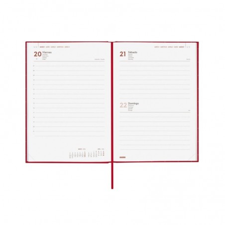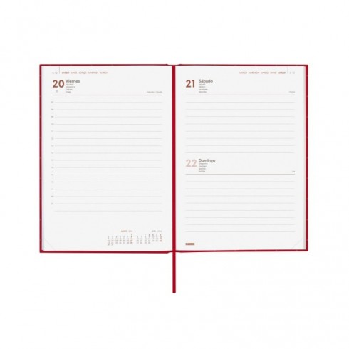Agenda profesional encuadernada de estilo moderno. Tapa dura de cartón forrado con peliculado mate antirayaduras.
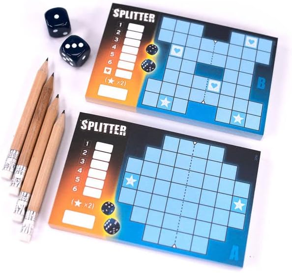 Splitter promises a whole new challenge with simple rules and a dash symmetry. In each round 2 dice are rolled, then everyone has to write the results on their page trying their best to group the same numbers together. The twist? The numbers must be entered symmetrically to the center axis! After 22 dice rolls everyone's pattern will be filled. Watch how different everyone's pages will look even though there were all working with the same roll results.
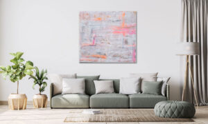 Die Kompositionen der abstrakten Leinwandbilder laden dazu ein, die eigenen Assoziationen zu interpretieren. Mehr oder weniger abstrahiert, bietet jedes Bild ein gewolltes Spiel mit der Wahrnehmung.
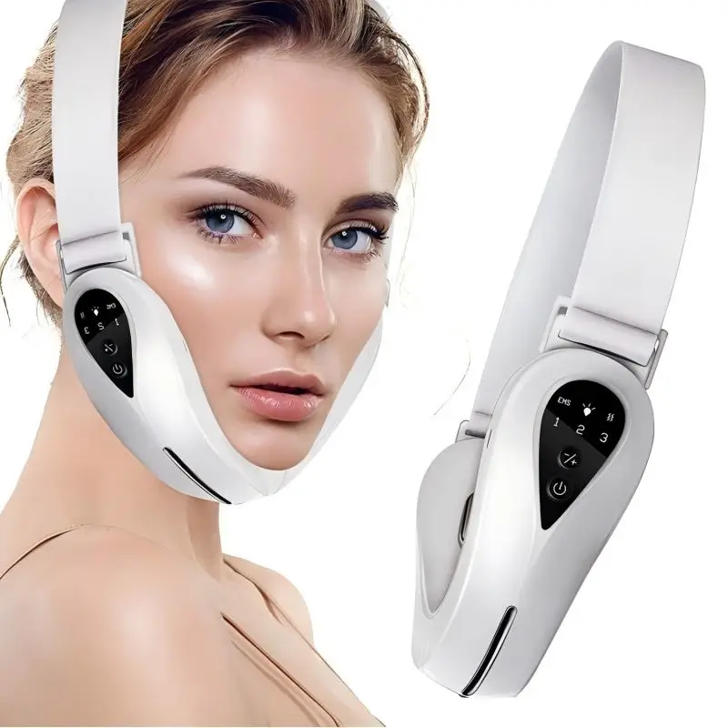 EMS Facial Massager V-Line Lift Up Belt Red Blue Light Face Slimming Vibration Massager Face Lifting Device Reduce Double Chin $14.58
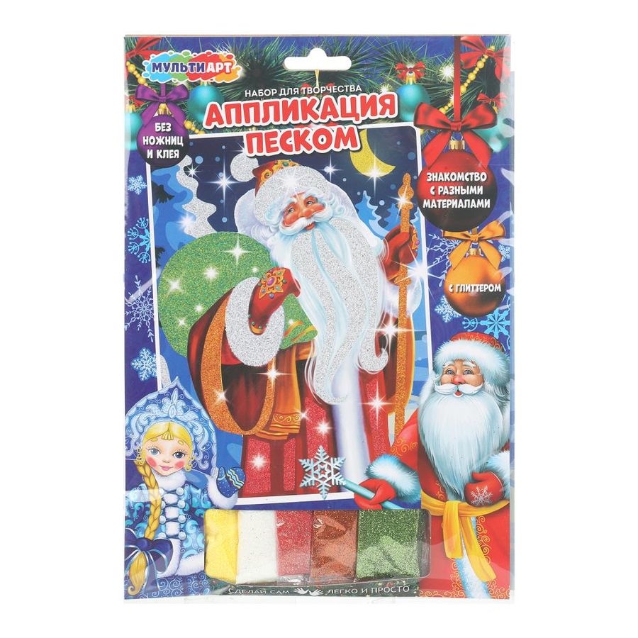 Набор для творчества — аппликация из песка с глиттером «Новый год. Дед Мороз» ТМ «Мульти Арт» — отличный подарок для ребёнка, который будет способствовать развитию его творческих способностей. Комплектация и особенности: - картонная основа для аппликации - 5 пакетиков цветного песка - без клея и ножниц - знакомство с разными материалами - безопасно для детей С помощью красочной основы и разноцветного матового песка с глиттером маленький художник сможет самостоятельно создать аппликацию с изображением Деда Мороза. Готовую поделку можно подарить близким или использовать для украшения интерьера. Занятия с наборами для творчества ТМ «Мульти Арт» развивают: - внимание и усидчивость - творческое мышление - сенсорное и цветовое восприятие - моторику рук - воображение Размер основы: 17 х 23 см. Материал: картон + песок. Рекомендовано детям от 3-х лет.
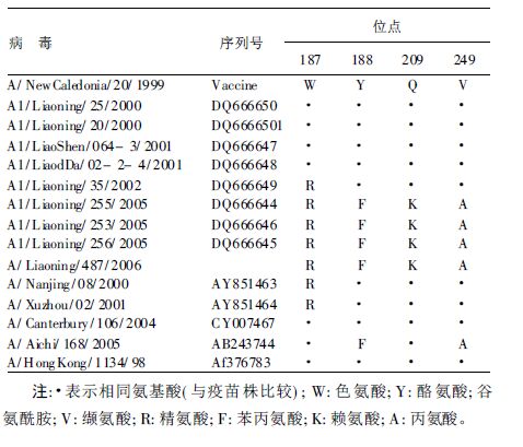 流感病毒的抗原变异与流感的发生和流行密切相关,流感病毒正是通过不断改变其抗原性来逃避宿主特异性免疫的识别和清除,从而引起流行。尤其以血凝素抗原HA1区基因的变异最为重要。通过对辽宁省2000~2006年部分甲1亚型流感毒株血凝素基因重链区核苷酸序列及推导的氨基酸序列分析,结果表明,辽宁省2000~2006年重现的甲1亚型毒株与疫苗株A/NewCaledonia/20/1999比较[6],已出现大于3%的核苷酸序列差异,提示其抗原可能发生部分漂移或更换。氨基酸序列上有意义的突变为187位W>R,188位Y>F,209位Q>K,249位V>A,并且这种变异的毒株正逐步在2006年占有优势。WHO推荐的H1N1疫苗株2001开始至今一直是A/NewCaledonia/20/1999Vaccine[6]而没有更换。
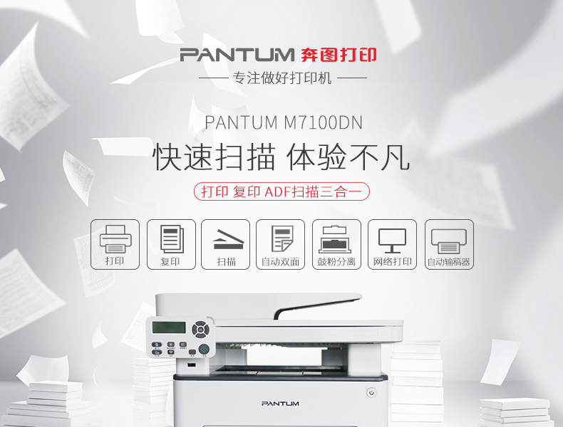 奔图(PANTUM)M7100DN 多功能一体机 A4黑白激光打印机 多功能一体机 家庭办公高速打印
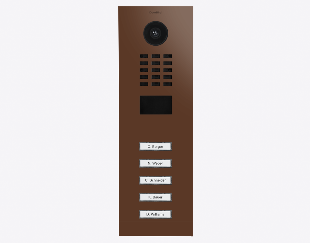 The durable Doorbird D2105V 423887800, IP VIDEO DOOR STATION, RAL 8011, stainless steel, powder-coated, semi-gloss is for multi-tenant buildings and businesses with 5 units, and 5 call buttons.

==*==

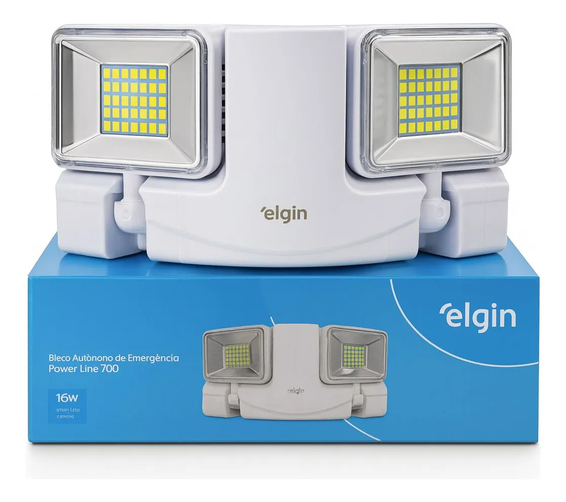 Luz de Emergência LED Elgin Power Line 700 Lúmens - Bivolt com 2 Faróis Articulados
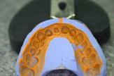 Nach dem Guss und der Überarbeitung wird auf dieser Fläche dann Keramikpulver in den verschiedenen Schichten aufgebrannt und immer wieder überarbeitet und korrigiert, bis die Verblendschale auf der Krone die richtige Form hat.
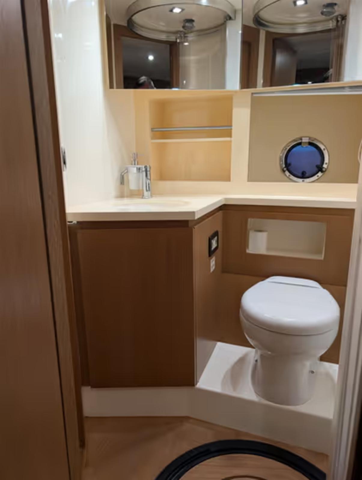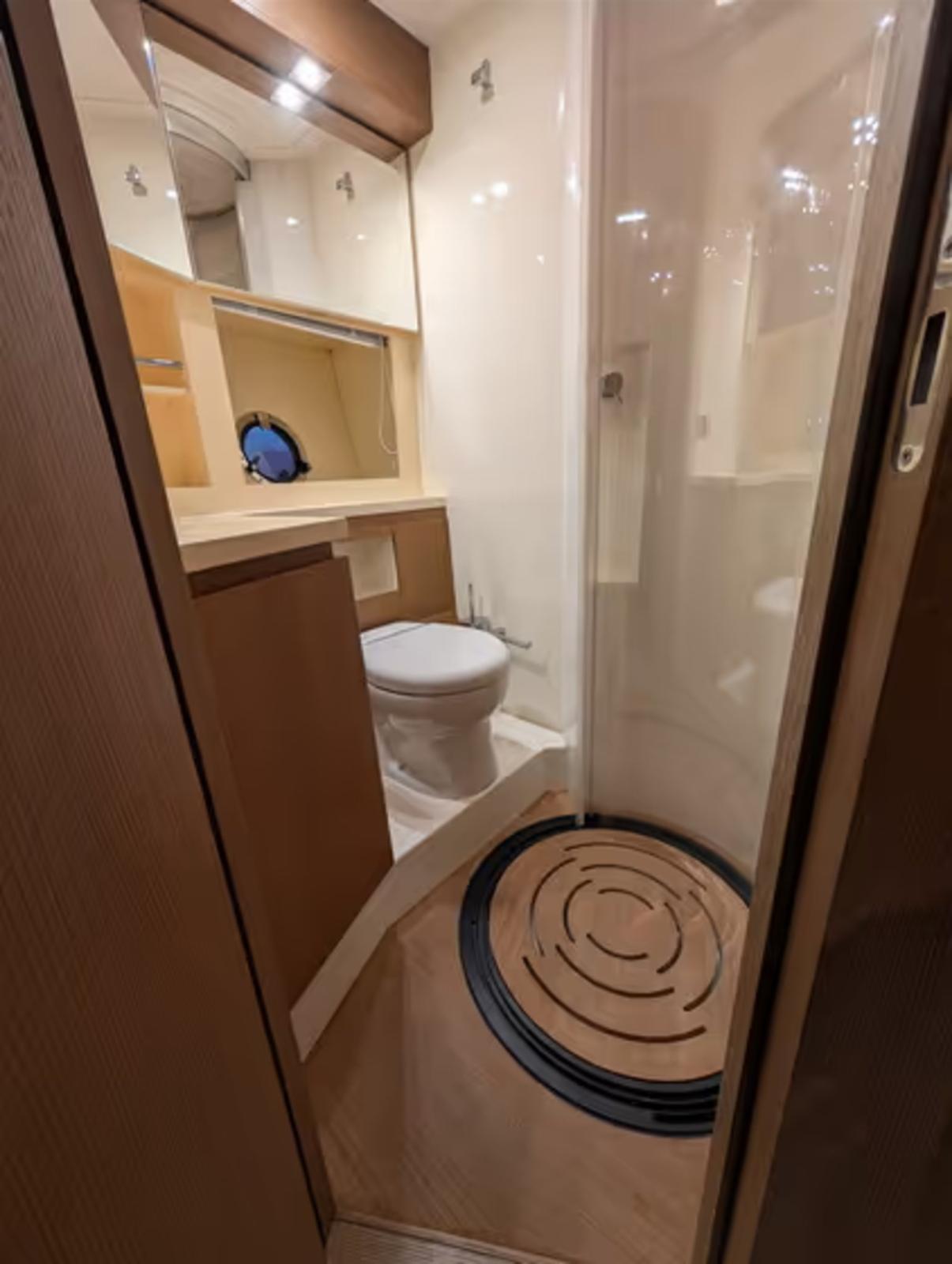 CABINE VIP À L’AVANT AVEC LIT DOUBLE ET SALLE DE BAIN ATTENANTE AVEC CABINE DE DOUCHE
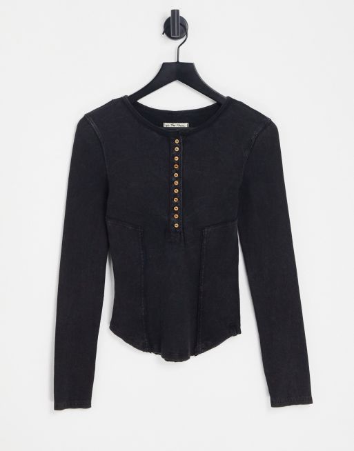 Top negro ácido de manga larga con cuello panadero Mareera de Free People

==*==

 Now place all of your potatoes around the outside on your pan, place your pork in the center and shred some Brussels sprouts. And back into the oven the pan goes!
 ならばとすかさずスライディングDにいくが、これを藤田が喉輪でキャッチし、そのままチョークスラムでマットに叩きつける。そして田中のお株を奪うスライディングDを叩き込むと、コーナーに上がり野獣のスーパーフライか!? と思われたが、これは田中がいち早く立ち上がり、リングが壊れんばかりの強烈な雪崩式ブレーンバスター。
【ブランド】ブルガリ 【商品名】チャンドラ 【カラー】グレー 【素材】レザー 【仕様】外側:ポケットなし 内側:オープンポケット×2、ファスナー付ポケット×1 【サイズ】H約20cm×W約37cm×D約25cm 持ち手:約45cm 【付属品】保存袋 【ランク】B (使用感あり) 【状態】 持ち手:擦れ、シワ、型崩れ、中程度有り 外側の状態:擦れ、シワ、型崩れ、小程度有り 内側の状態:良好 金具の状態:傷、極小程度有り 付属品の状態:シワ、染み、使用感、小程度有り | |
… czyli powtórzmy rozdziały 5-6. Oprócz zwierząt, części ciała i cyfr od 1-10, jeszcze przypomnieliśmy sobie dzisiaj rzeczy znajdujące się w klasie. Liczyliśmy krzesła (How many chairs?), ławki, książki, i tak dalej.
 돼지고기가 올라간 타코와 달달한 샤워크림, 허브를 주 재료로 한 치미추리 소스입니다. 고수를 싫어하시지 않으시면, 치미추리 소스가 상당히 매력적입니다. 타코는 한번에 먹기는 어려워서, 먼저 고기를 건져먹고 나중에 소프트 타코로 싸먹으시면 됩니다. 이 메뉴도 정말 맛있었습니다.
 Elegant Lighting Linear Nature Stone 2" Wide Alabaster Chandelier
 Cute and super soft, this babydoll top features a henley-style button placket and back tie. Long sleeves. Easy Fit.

==*==

* [WHAT YOU ARE ASKED TO DO]:
Here the job is to copy the stretch of records from the line containing "Agenda profesional encuadernada" through the line containing "Набор для творчества", word for word. Leave every picture out.

* [FINAL ANSWER]:
Agenda profesional encuadernada de estilo moderno. Tapa dura de cartón forrado con peliculado mate antirayaduras.
 Splitter promises a whole new challenge with simple rules and a dash symmetry. In each round 2 dice are rolled, then everyone has to write the results on their page trying their best to group the same numbers together. The twist? The numbers must be entered symmetrically to the center axis! After 22 dice rolls everyone's pattern will be filled. Watch how different everyone's pages will look even though there were all working with the same roll results.
 Die Kompositionen der abstrakten Leinwandbilder laden dazu ein, die eigenen Assoziationen zu interpretieren. Mehr oder weniger abstrahiert, bietet jedes Bild ein gewolltes Spiel mit der Wahrnehmung.
 EMS Facial Massager V-Line Lift Up Belt Red Blue Light Face Slimming Vibration Massager Face Lifting Device Reduce Double Chin $14.58
 Набор для творчества — аппликация из песка с глиттером «Новый год. Дед Мороз» ТМ «Мульти Арт» — отличный подарок для ребёнка, который будет способствовать развитию его творческих способностей. Комплектация и особенности: - картонная основа для аппликации - 5 пакетиков цветного песка - без клея и ножниц - знакомство с разными материалами - безопасно для детей С помощью красочной основы и разноцветного матового песка с глиттером маленький художник сможет самостоятельно создать аппликацию с изображением Деда Мороза. Готовую поделку можно подарить близким или использовать для украшения интерьера. Занятия с наборами для творчества ТМ «Мульти Арт» развивают: - внимание и усидчивость - творческое мышление - сенсорное и цветовое восприятие - моторику рук - воображение Размер основы: 17 х 23 см. Материал: картон + песок. Рекомендовано детям от 3-х лет.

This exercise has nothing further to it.